→ **Exercise**
An exact copy of all the data, minus the images, is required.

→ **Supplied material**
☆ ☆ ☆ ☆ ☆

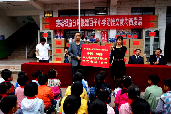 为真切关注贫困地区教育事业发展,关心少年儿童的成长,改善结对帮扶的百子村学校办学条件,6月22日,楚雄银监分局到武定县猫街镇百子小学开展助推义务教育均衡发展爱心帮扶活动。楚雄银监分局局长吴纯勇、副局长段有明、副处级调研员余美蓉等一行十余人到校开展活动。此次楚雄银监分局捐赠活动共向百子小学捐赠了包括电脑、电脑桌椅、储物柜、书柜、文体用品、小学生阅读书籍等物资近千余件,极大补充和完善了校舍、电教室、图书室、体育室、音乐室的教学设施,并为全体学生发放了每人一份学习用品。
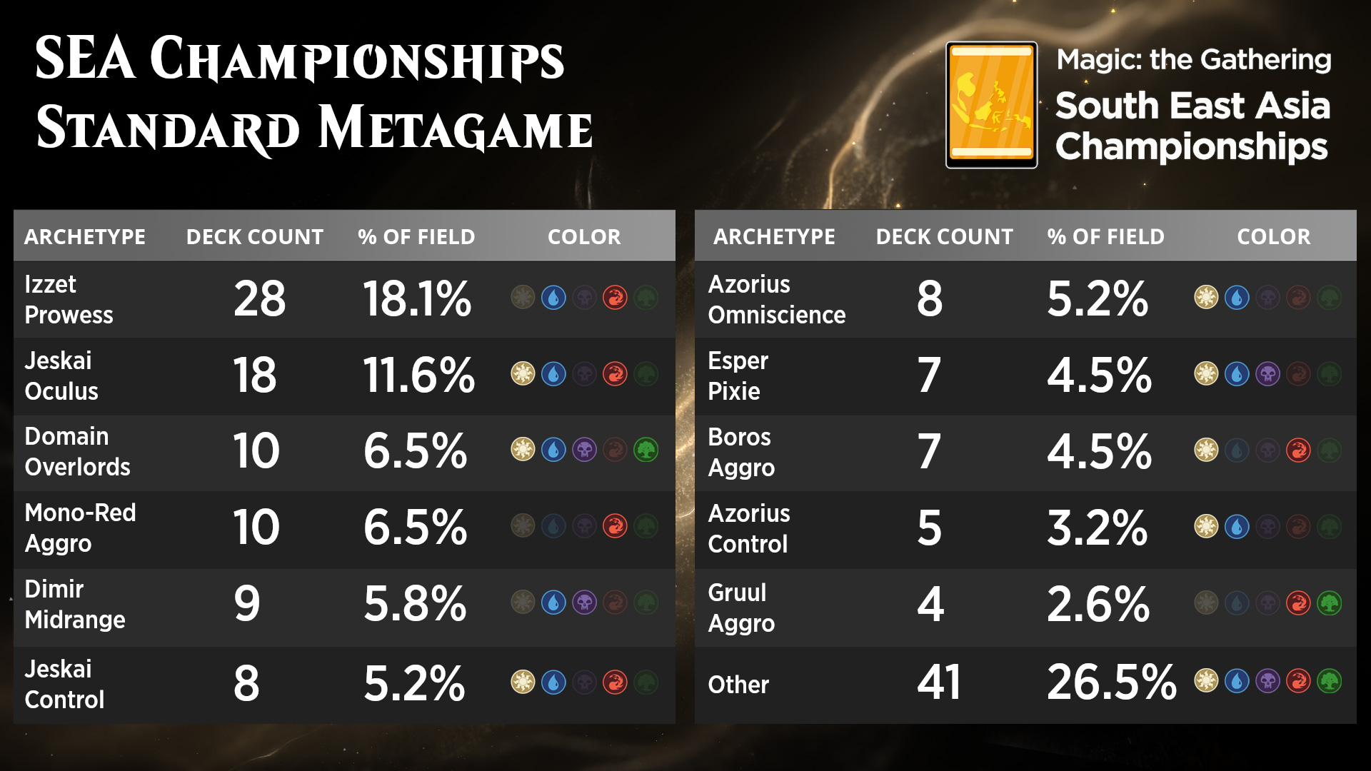 While Izzet Prowess was both the most played deck and the deck that won the entire tournament, there was a wide variety of strategies and archetypes represented in Kuala Lumpur. Oculus and Domain decks, despite their numbers, didn't do very well—the best-performing decks tended to be either faster aggressive lists or slower controlling lists. Both Azorius and Jeskai Control performed strongly (the 9th-place finisher, Marlon Kane Cruz, played Azorius). Meanwhile the disruption-heavy deck Dimir Midrange put on an impressive show.
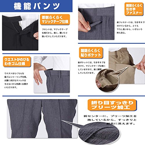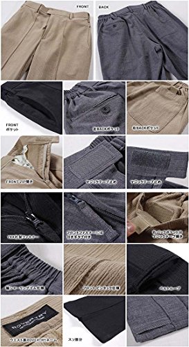 -. Feature : 素材は、さらりとして通気性に優れ、清涼感のある生地感の快適な楊柳(ヨウリュウ)生地を使用。 / 細かい経シワ が入っているから 触れる面積が少なくなり、ベタつく梅雨の季節や暑さの厳しい夏にも快適にご着用いただけます。表情のある生地が、ほどよいカジュアル感演出 / ビジネスとしてもカジュルとしても、 リラックスウエアとしても活躍( シニア向け シニアファッション 男性 紳士 高齢者)父の日 の お父さん への プレゼント にもぴったりズボン。 / サイズは商品説明に記載させていただいております。 / ウエストマジックテープやファスナーの箇所に紐も付いているので介護パンツとしても優秀です。もちろんご家庭での洗濯ができるウォッシャブルのズボンです。 素材:ポリエステル65% 綿35%

☆ ☆ ☆ ☆ ☆

→ **Solution for this task**
 为真切关注贫困地区教育事业发展,关心少年儿童的成长,改善结对帮扶的百子村学校办学条件,6月22日,楚雄银监分局到武定县猫街镇百子小学开展助推义务教育均衡发展爱心帮扶活动。楚雄银监分局局长吴纯勇、副局长段有明、副处级调研员余美蓉等一行十余人到校开展活动。此次楚雄银监分局捐赠活动共向百子小学捐赠了包括电脑、电脑桌椅、储物柜、书柜、文体用品、小学生阅读书籍等物资近千余件,极大补充和完善了校舍、电教室、图书室、体育室、音乐室的教学设施,并为全体学生发放了每人一份学习用品。
 While Izzet Prowess was both the most played deck and the deck that won the entire tournament, there was a wide variety of strategies and archetypes represented in Kuala Lumpur. Oculus and Domain decks, despite their numbers, didn't do very well—the best-performing decks tended to be either faster aggressive lists or slower controlling lists. Both Azorius and Jeskai Control performed strongly (the 9th-place finisher, Marlon Kane Cruz, played Azorius). Meanwhile the disruption-heavy deck Dimir Midrange put on an impressive show.
 -. Feature : 素材は、さらりとして通気性に優れ、清涼感のある生地感の快適な楊柳(ヨウリュウ)生地を使用。 / 細かい経シワ が入っているから 触れる面積が少なくなり、ベタつく梅雨の季節や暑さの厳しい夏にも快適にご着用いただけます。表情のある生地が、ほどよいカジュアル感演出 / ビジネスとしてもカジュルとしても、 リラックスウエアとしても活躍( シニア向け シニアファッション 男性 紳士 高齢者)父の日 の お父さん への プレゼント にもぴったりズボン。 / サイズは商品説明に記載させていただいております。 / ウエストマジックテープやファスナーの箇所に紐も付いているので介護パンツとしても優秀です。もちろんご家庭での洗濯ができるウォッシャブルのズボンです。 素材:ポリエステル65% 綿35%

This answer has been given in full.